English television journalist and newsreader

Fatima Manji (born 28 November 1985) is a British television journalist and newsreader, working for Channel 4 News. Manji became Britain's first hijab-wearing TV newsreader in March 2016.

==Early life==
Manji was born in Peterborough in 1985. She lived in Netherton, Peterborough and was educated at Jack Hunt School. She was active at the city's Burton Street Mosque and later studied Politics at the London School of Economics. She "made a really informed career decision at the age of eight. I wanted to be where history is made, I wanted to be in the centre of things", she told The Guardian in December 2016 about wanting to become a journalist. "No one told me I'd be standing in a muddy field talking about floods, in waders. Maybe if they had, I'd have rethought".

==Life and career==
She began her career in journalism as a trainee at the BBC, reporting for BBC Radio Cambridgeshire and later becoming a reporter and presenter for BBC Look East.
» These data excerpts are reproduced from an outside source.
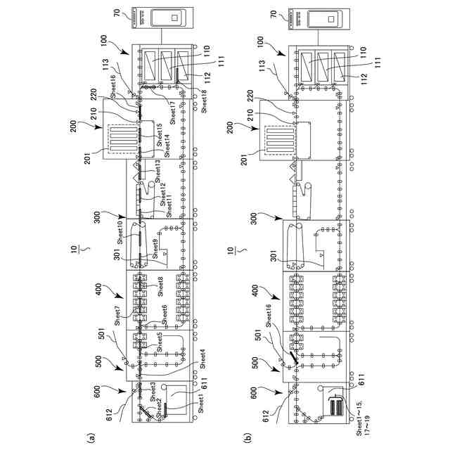 (a)は片面18枚ジョブを実行中のシート搬送状態を示す断面図、(b)は片面18枚ジョブが終了した状態を示す断面図。
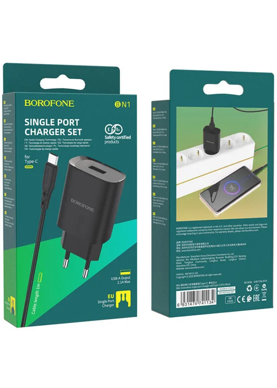 СЗУ Borofone BN1 (1USB/2.1A) + Type-C Черный
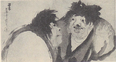紙本水墨寒山拾得図

During her period with the BBC, she investigated hate crime against migrants and pressure on housing services. She also reported for the BBC World Service from Sarajevo, Bosnia. In 2012, Manji joined Channel 4 News as a Reporter and became a newsreader in March 2016. "Channel 4 News is to be commended for pioneering this move, particularly as a mere 0.4% of British journalists are Muslim", wrote Remona Aly, citing a study by City University London, in an article for The Guardian about Manji wearing a hijab, or headscarf. In 2015, Manji presented Britain's first ever alternative election debate featuring young leaders on Channel 4.
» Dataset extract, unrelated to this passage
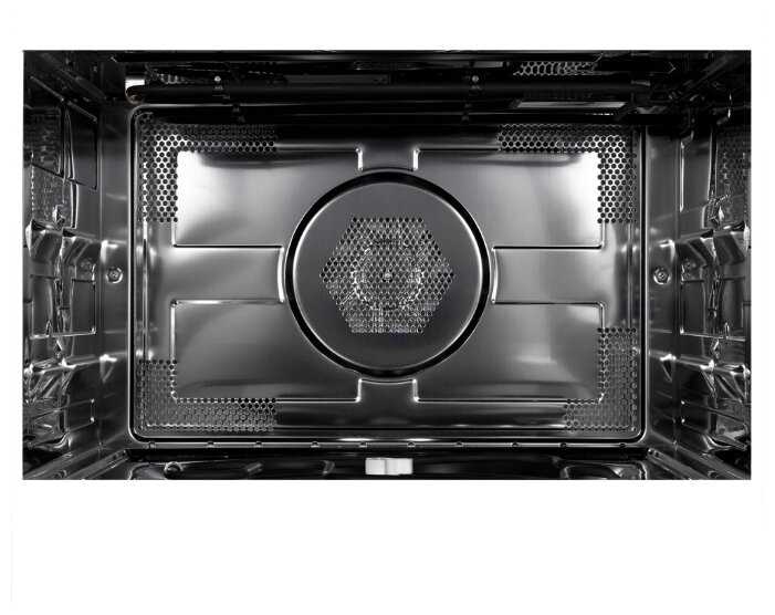 Дизайн достаточно современный.Утапливаемые поворотные переключатели,с ними оч быстро можно установить мощность,время и пр.,чем это переключать на сенсоре.Есть часы,достаточно яркие.Поначалу немного пугал вентилятор,который продолжает работать некоторое время,даже в режиме СВЧ.

In 2015, Manji was a finalist for the Royal Television Society's Young Journalist of the Year award. Manji was also finalist in the Broadcast category of the Words by Women Awards for female journalists. She was named "Media Personality of the Year" at the Asian Media Awards in 2016.
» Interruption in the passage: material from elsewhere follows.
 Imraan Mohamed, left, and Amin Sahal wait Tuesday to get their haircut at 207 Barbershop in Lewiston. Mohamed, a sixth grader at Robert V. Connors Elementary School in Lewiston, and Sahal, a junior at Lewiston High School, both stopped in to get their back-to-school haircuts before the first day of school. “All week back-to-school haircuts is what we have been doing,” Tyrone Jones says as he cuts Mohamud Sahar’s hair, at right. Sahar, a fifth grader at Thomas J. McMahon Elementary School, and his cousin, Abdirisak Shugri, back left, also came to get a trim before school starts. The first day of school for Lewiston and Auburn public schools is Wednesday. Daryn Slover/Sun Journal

===Kelvin MacKenzie column===
In July 2016, Kelvin MacKenzie wrote a column for The Sun in which he questioned whether it was appropriate for Manji to present the news wearing a hijab following the 2016 Nice truck attack. Manji responded to MacKenzie in a comment piece for the Liverpool Echo in which she referred to The Suns coverage of the Hillsborough disaster, and the contentious and inaccurate front page put together by MacKenzie.

Ofcom received 17 complaints about Manji's appearance in a hijab on Channel 4 News shortly after the Nice attack but found there was no basis in the Broadcasting Code leading them to investigate further. The Independent Press Standards Organisation (IPSO) received more than 1,700 complaints over MacKenzie's article. Kelvin MacKenzie was "entitled", IPSO ruled on 19 October 2016, to criticise Manji: "The article did not include a prejudicial or pejorative reference to the complainant on the grounds of her religion". Manji responded to the ruling on the BBC Radio 4 Today programme objecting to the implied suggestion "that I am somehow sympathetic to a perpetrator of a terrorist attack" and commenting "effectively it is" now "open season on minorities, and Muslims in particular".